==== AVAILABLE DATA ====
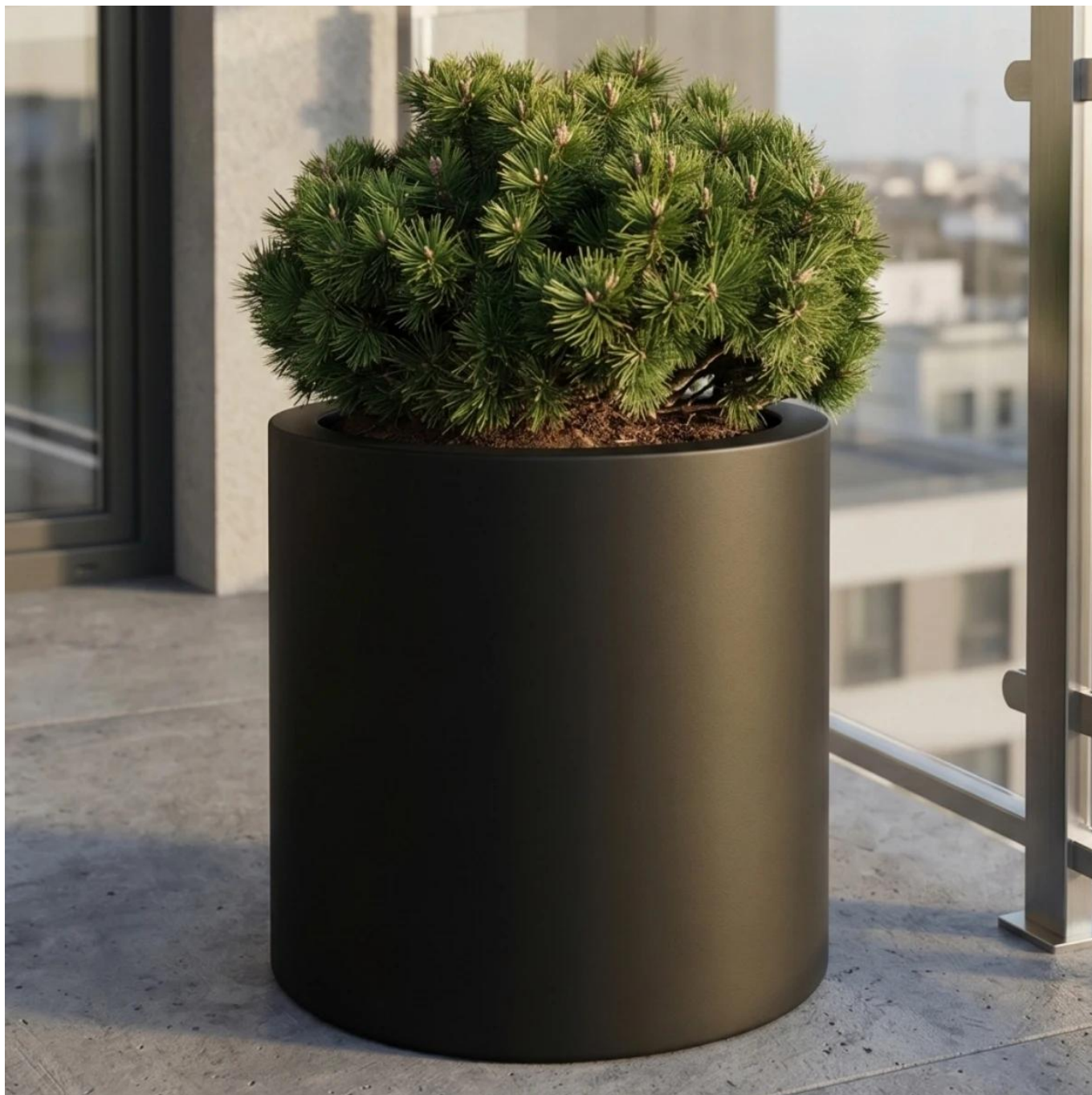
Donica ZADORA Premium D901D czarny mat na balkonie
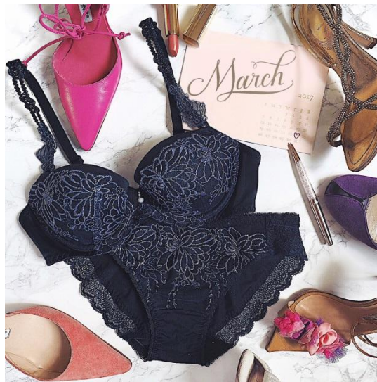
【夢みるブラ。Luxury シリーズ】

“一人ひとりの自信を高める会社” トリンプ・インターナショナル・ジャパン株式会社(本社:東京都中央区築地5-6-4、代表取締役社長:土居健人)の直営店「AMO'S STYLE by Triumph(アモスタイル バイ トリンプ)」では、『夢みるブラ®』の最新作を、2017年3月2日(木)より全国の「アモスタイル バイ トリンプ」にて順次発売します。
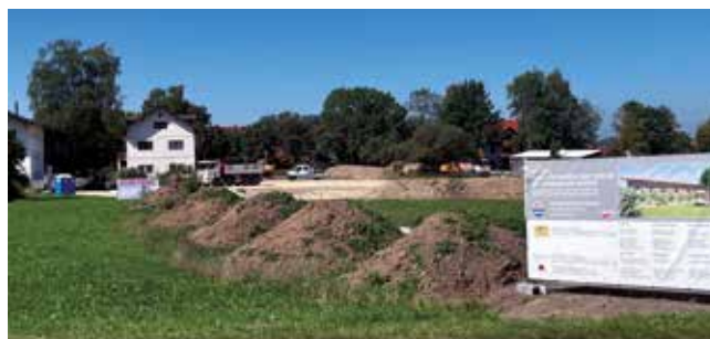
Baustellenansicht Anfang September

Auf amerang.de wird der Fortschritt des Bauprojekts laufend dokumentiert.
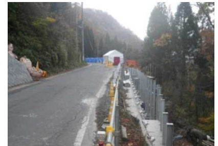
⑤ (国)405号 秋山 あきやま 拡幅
====
• [WHAT IS NEEDED]
In the records above, find the line that contains "Baustellenansicht Anfang September" and retype it and all lines after it exactly, leaving out any pictures.

• [ANSWER TO THIS EXERCISE]
Baustellenansicht Anfang September

Auf amerang.de wird der Fortschritt des Bauprojekts laufend dokumentiert.
⑤ (国)405号 秋山 あきやま 拡幅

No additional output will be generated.